No Frackin’ Way: Should Investors Fear a Drilling Ban?

Many people view elections as a vote cast between good and evil. They are voting for their tribe and against that other tribe that would do them harm.

I generally view elections as a choice between two liars. It’s the lesser of evils, either of which will do me some amount of harm.

The next presidential election will feature President Donald Trump on one side. His trade wars and erratic tweets have added a great deal of volatility to the markets. His tariffs are a tax on consumers, which will cost the average household an estimated $2,000 in 2020.

In the Other Corner…

On the other side will be a Democratic candidate, many of whom are making unrealistic promises that would also potentially have devastating economic consequences.

The latest test of party purity for the Democrats involves promises to ban hydraulic fracturing (fracking) if elected. Senator Elizabeth Warren (D-MA) is but one of many to make such a promise, tweeting:

Senators Bernie Sanders (I-VT) and Kamala Harris (D-CA) have both made similar promises.

If you work in the oil and gas industry, or are an investor in the industry, these promises may alarm you. You are unlikely to vote for someone whose campaign promise would ruin your industry and investments.

But these are simply unrealistic promises.

What Fracking Did For America

The resurgence of U.S. oil and gas production over the past dozen years is directly attributable to fracking. While fracking has been going on in the U.S. since the late 1940s, it wasn’t until just after the turn of the century that it began to be increasingly used in conjunction with horizontal drilling. That marriage of technologies ushered in the fracking boom and resulted in a renaissance of oil and gas production.

The resurgence of natural gas production followed years of decline and corresponding natural gas price spikes. But as production rose, natural gas prices collapsed. This price collapse was a major factor behind the decision of many utilities to switch from coal to natural gas. That, in turn, resulted in U.S. carbon dioxide emissions declining by more than any other nation. The U.S. became the top natural gas producer in the world, and began to export liquefied natural gas (LNG).

With respect to oil, in 2005 net imports of oil and finished products like gasoline had reached 13 million barrels per day (BPD). But fracking sent U.S. oil production soaring. That has been the single biggest factor in seeing these net imports drop to less than 1 million BPD. U.S. dependence on foreign oil hasn’t been this low for more than 50 years.

Consequences of a Ban

How do these politicians envision that a ban would work? They foresee modest and controlled production declines, offset by other policies that would reduce oil demand. In other words, they don’t believe a ban would lead to a steady increase in oil imports.

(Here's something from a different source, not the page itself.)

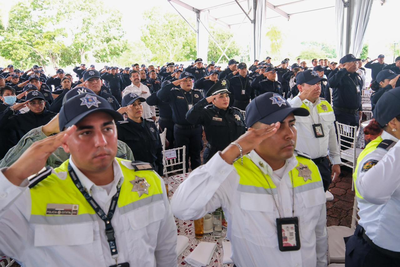 Para elevar el estándar, se impulsó el Servicio Profesional de Carrera Policial con reglas claras, ascensos por mérito y con formación constante, y se reconoce a hombres y mujeres que han hecho la diferencia.

However, if we look to California, a different picture emerges. California’s main supplies of oil 20 years ago were in-state and Alaskan production. Neither California nor Alaska engage in fracking to any appreciable extent. Both states have missed out on the fracking-enabled shale oil boom. As a result, oil production in Alaska and California have steadily declined.

Meanwhile, even though California has the nation’s most aggressive policies to reduce oil demand, that demand hasn’t been going down appreciably. Consequently, California’s dependence on foreign oil has skyrocketed as its two main sources of domestic production have declined.

This is instructive, because it is an actual case study of “no fracking” over time. Before the fracking boom, the entire country was becoming increasingly dependent on foreign oil. But even though overall U.S. oil imports have plummeted as U.S. shale oil production has grown, California’s foreign oil dependence continues to climb steadily higher.

According to data from Baker Hughes, nearly 90% of all new oil and gas wells today are horizontal, fracked wells. An immediate ban on fracking — as these Democratic candidates have proposed — would result in an immediate decline in U.S. oil and gas production.

Net oil imports, which have been trending down for years, would immediately begin to climb. U.S. dependence on foreign oil would again begin to grow. We don’t have to fantasize about what might happen if we simultaneously adopt aggressive policies to curb demand. We just need to look at the actual results in California, where they did exactly that.

Natural gas exports would also morph back into natural gas imports. Because global natural gas demand is growing, countries with LNG needs would in many cases turn to countries with fewer environmental protections than the U.S. You may rightfully be concerned about some methane leakage from U.S. wells, but many countries have a fraction of the environmental controls we have in the U.S.

Conclusion: No Chance of a National Ban

These are some of the things that would happen if fracking were immediately banned. Those calling for an immediate ban are either pandering, or they are naive. In reality, such a ban wouldn’t happen, because a president would never get the political support to enact such a national ban. Local bans will sometimes win support, but a nationwide ban? No way.

These candidates probably know this — and some may even be aware of the consequences — in which case they are simply being demagogues. In the process, they risk losing moderate voters who may have otherwise voted for them.